Non-invasive CT radiomic biomarkers predict microsatellite stability status in colorectal cancer: a multicenter validation study.
Background: Microsatellite instability (MSI) status is a strong predictor of response to immunotherapy of colorectal cancer. Radiogenomic approaches promise the ability to gain insight into the underlying tumor biology using non-invasive routine clinical images. This study investigates the association between tumor morphology and the status of MSI versus microsatellite stability (MSS), validating a novel radiomic signature on an external multicenter cohort.
Methods: Preoperative computed tomography scans with matched MSI status were retrospectively collected for 243 colorectal cancer patients from three hospitals: Seoul National University Hospital (SNUH); Netherlands Cancer Institute (NKI); and Fondazione IRCCS Istituto Nazionale dei Tumori, Milan Italy (INT). Radiologists delineated primary tumors in each scan, from which radiomic features were extracted. Machine learning models trained on SNUH data to identify MSI tumors underwent external validation using NKI and INT images. Performances were compared in terms of area under the receiving operating curve (AUROC).

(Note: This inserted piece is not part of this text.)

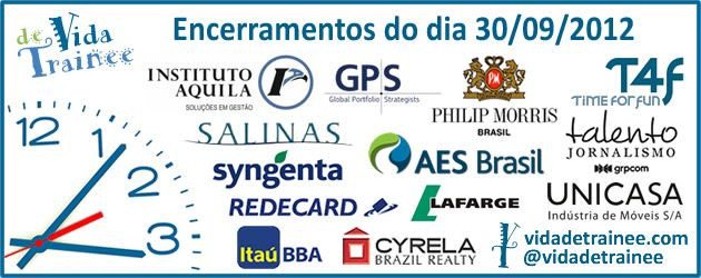 No próximo domingo, 30/09, diversas empresas encerrarão inscrições para os seus programas de trainee 2012 e trainee 2013.

Results: We identified a radiomic signature comprising seven radiomic features that were predictive of tumors with MSS or MSI (AUROC 0.69, 95% confidence interval [CI] 0.54-0.84, p = 0.018). Integrating radiomic and clinical data into an algorithm improved predictive performance to an AUROC of 0.78 (95% CI 0.60-0.91, p = 0.002) and enhanced the reliability of the predictions.
Conclusion: Differences in the radiomic morphological phenotype between tumors MSS or MSI could be detected using radiogenomic approaches. Future research involving large-scale multicenter prospective studies that combine various diagnostic data is necessary to refine and validate more robust, potentially tumor-agnostic MSI radiogenomic models.

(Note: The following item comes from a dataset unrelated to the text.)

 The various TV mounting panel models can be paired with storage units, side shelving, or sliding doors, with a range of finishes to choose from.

Relevance statement: Noninvasive radiomic signatures derived from computed tomography scans can predict MSI in colorectal cancer, potentially augmenting traditional biopsy-based methods and enhancing personalized treatment strategies.
Key points: Noninvasive CT-based radiomics predicted MSI in colorectal cancer, enhancing stratification. A seven-feature radiomic signature differentiated tumors with MSI from those with MSS in multicenter cohorts. Integrating radiomic and clinical data improved the algorithm's predictive performance.